Can one person really make you happy?
If you had asked me this question as a fresh-faced, deeply naïve 19-year-old, I would have answered with a resounding, yes. That this man that I had just fallen deeply in lust/love with was all I would need and he would have said the same thing. Because – love.
As someone who has now been with the same partner for almost 20 years and also, as a 38-year-old married mother of three, I’d now tell you that no, it’s not only unfair, it’s unnatural to expect any one person to make you happy.
A much wiser and older friend of mine once said to me that true love isn’t looking at each other, it’s looking in the same direction.
I of course, being 19 and dating the hottest guy I’d ever laid eyes upon, mentally scoffed and politely appeared to take her advice. And I’ll admit, it took some time for me to understand what she meant. That one person cannot fulfill us, forever. That our girlfriends, our siblings, our parents, our grandparents, our work colleagues, hell, even strangers on the street, all play a vital role in what makes us, as people, us.
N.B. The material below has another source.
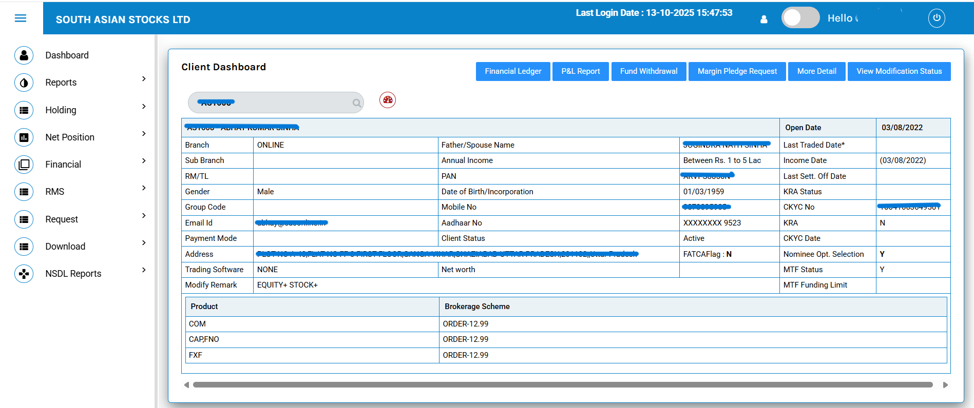 The Back Office Portal Dashboard provides a comprehensive summary of your Trading and Demat account. In a single view, you can check your financial balance, holdings, positions, and access many other options with just one click.

Gone Girl actor, Rosamund Pike, whose movie is being held up as a something of a dark fable about marriage, keeps getting asked about marriage, and these comments of her’s raised a few eyebrows:
“Women have ridiculous expectations of their mate. In my grandmother’s day, you wouldn’t expect your husband to fulfil the same need in you as your sister, or girlfriends, or colleagues at work. You’d have different needs met by different people. Now we want all our needs met by one person, and I don’t believe that’s possible. Or rather, it is, but I don’t think it’s universally achievable.”
Not only is unachievable, it’s not healthy. I’m sure many of you can relate to that one friend of yours who simply falls off the radar when they meet someone new.
Being so infatuated with that person that when they come back up for air, it’s too late, you’re no longer there for them. It is hard to not fall utterly and deeply so in love with someone, that you feel as if they are your only source of oxygen but unfortunately, that’s just science fucking with you.
It’s all part of the three phases of falling in love being 1) lust, 2) attraction and 3) attachment, all driven my hormones and chemicals. We are biologically designed to feel this way or quite simply, the human race would die off.
To expect your mate to be your primary source of validation and happiness not only puts an awful lot of pressure on the relationship, it puts far too expectation upon them as a person.
It also leaves you wide open for crushing, often unrecoverable heartbreak, should it end. YOU are responsible for making yourself happy. From other people we should draw qualities we admire and share with them, what makes us feel good. We also need to understand that relationships work both ways. We need to make sure we are sharing love, not simply expecting it from that other person.
Rosumund also believes that separation is key to a relationship
“I go out with my partner and we are put next to each other – there’s a feeling of, ‘What, you don’t think we can’t operate without each other?’ I don’t need him as a crutch. Of course, he’s the person I want to go home with but he’s not necessarily the person I want to sit next to. I’d rather meet someone new, and he would too.”
I think if we could all head into relationships as confident people who actually like ourselves first, we’d allow that person to complement us, not complete us.
How about you? Do you rely on your partner to complete you? Or would you say that to expect this will be the undoing of a relationship?